#### WHAT THIS TASK INVOLVES
Each entry that follows should be given again word for word; please leave out its pictures.

──────────

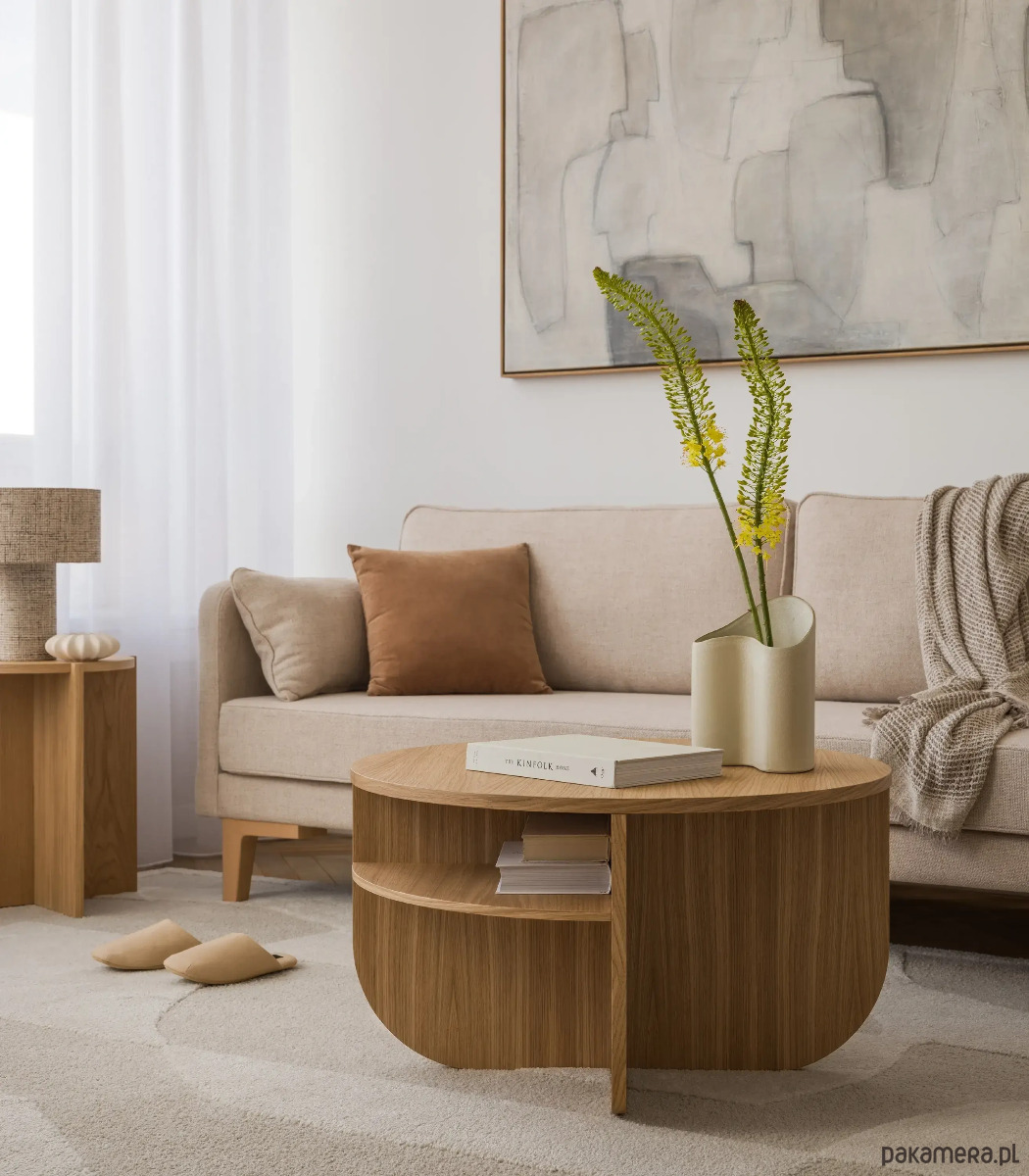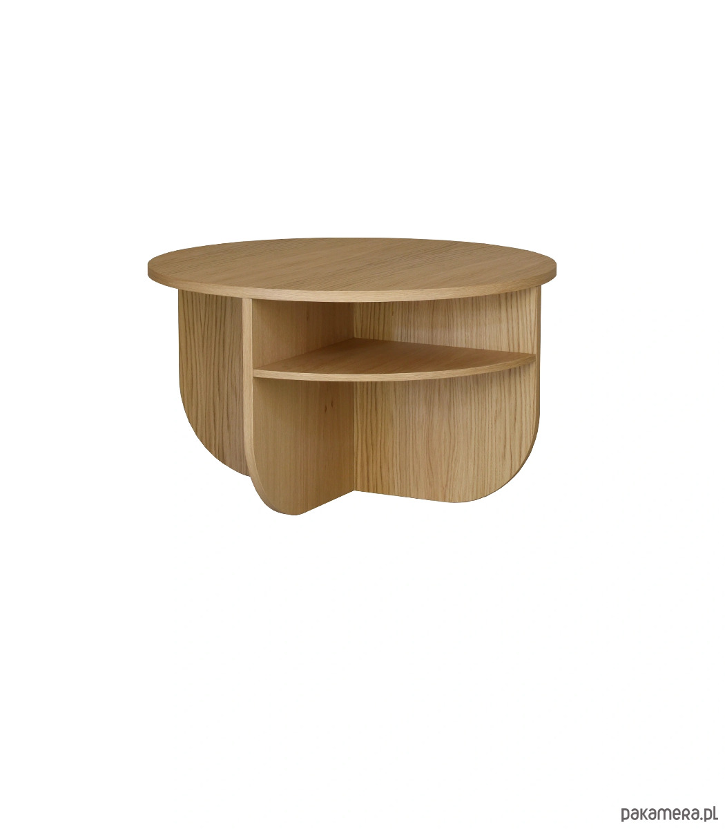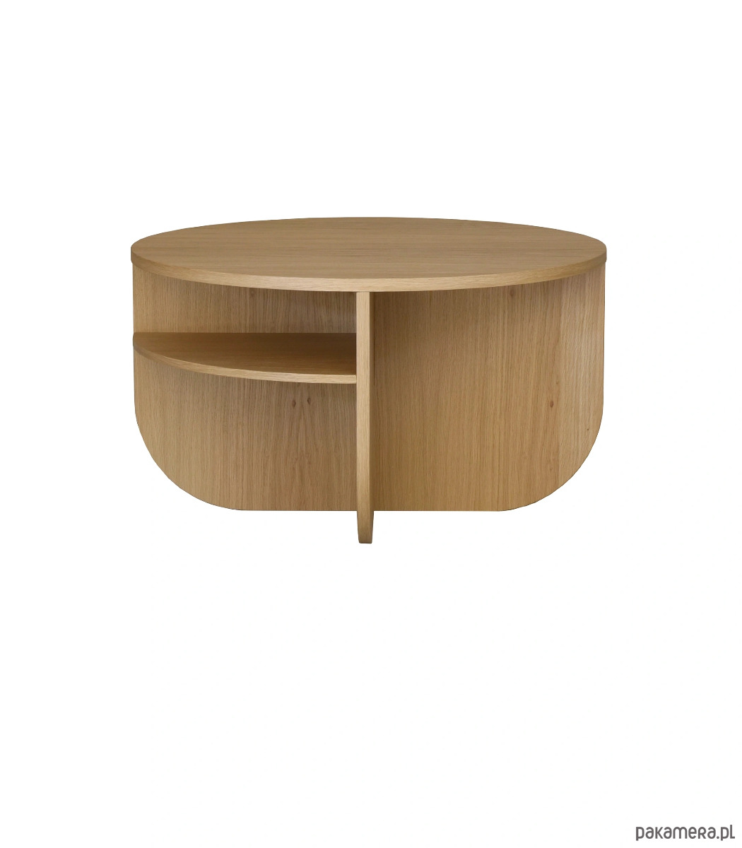 Okrągły, funkcjonalny stolik kawowy w kolorze naturalnego lub czarnego dębu. Mała praktyczna półka pod blatem.
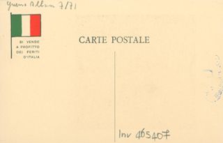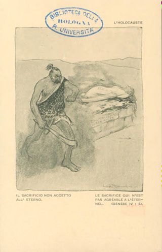Note: Titolo in testa all'illustrazione; in calce didascalia in italiano e in francese: Il sacrificio non accetto all'eterno . - Nome dell'autore da firma sull'illustrazione. - Data dell'invasione tedesca del Belgio, a cui l'illustrazione fa riferimento. - Nell'illustrazione Belgia uccisa da un uomo primitivo con la clava (la Germania). - Sul verso, accanto a un tricolore stilizzato: si vende a profitto dei feriti d'Italia
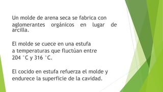 Un molde de arena seca se fabrica con aglomerantes orgánicos en lugar de arcilla y se cuece en una estufa entre 204 °C y 316 °C para reforzar el molde y endurecer su superficie. El proceso de arena seca proporciona un mejor control dimensional que los moldes de arena verde y se puede usar para metales con altas temperaturas de fusión como el acero, níquel y titanio. Los moldes más complicados son más fáciles de hacer en arena seca, que se usa principalmente para grandes piezas como bloques de motor y de
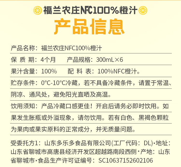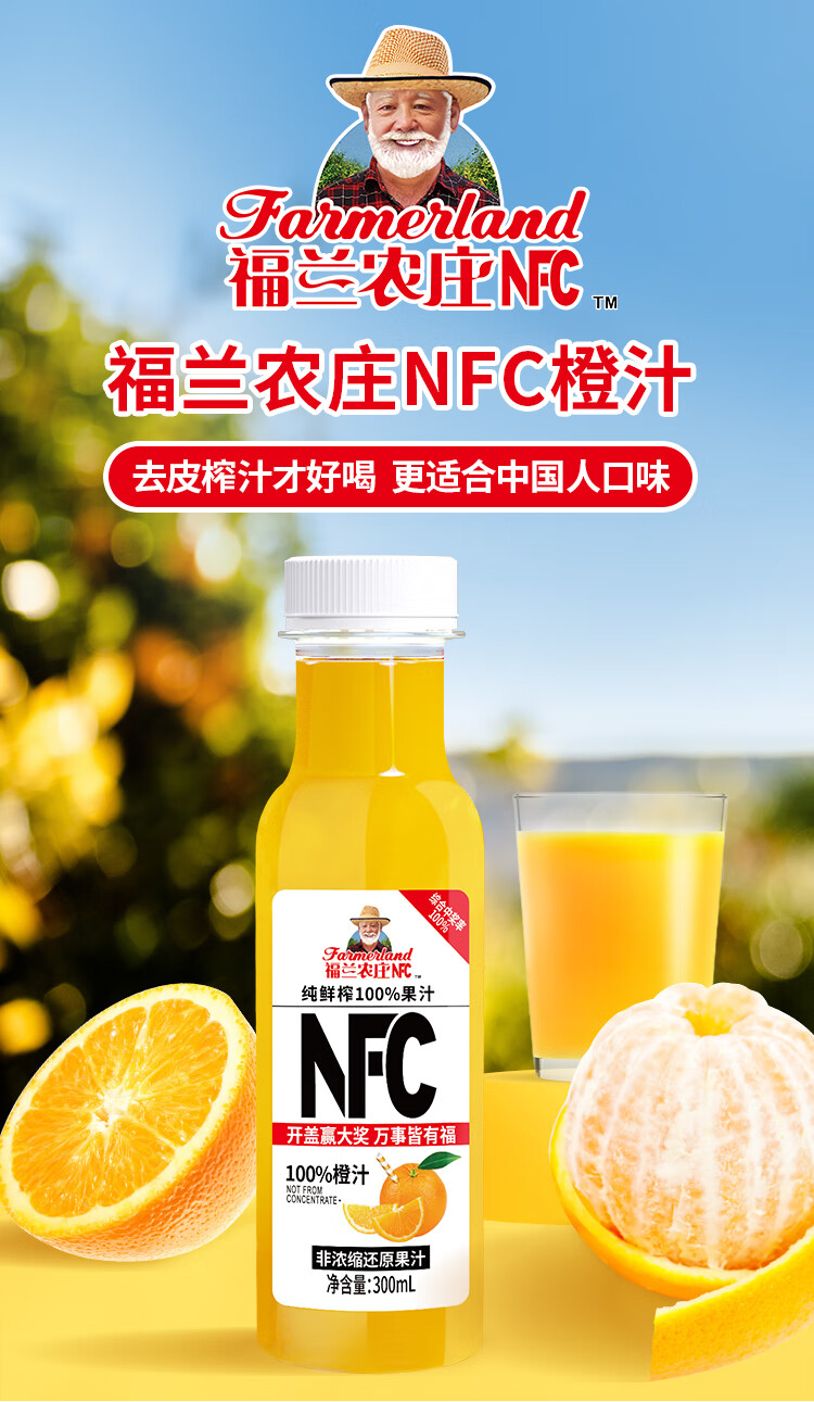 福兰农庄NFC100%橙汁300ml*6【PET】
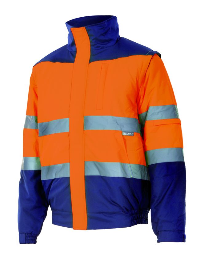 • Casaco de alta visibilidade laranja e azul com bandas reflexivas cinza.

──────────

#### WRITTEN ANSWER
 Okrągły, funkcjonalny stolik kawowy w kolorze naturalnego lub czarnego dębu. Mała praktyczna półka pod blatem.
Note: Titolo in testa all'illustrazione; in calce didascalia in italiano e in francese: Il sacrificio non accetto all'eterno . - Nome dell'autore da firma sull'illustrazione. - Data dell'invasione tedesca del Belgio, a cui l'illustrazione fa riferimento. - Nell'illustrazione Belgia uccisa da un uomo primitivo con la clava (la Germania). - Sul verso, accanto a un tricolore stilizzato: si vende a profitto dei feriti d'Italia
 Un molde de arena seca se fabrica con aglomerantes orgánicos en lugar de arcilla y se cuece en una estufa entre 204 °C y 316 °C para reforzar el molde y endurecer su superficie. El proceso de arena seca proporciona un mejor control dimensional que los moldes de arena verde y se puede usar para metales con altas temperaturas de fusión como el acero, níquel y titanio. Los moldes más complicados son más fáciles de hacer en arena seca, que se usa principalmente para grandes piezas como bloques de motor y de
 福兰农庄NFC100%橙汁300ml*6【PET】
 • Casaco de alta visibilidade laranja e azul com bandas reflexivas cinza.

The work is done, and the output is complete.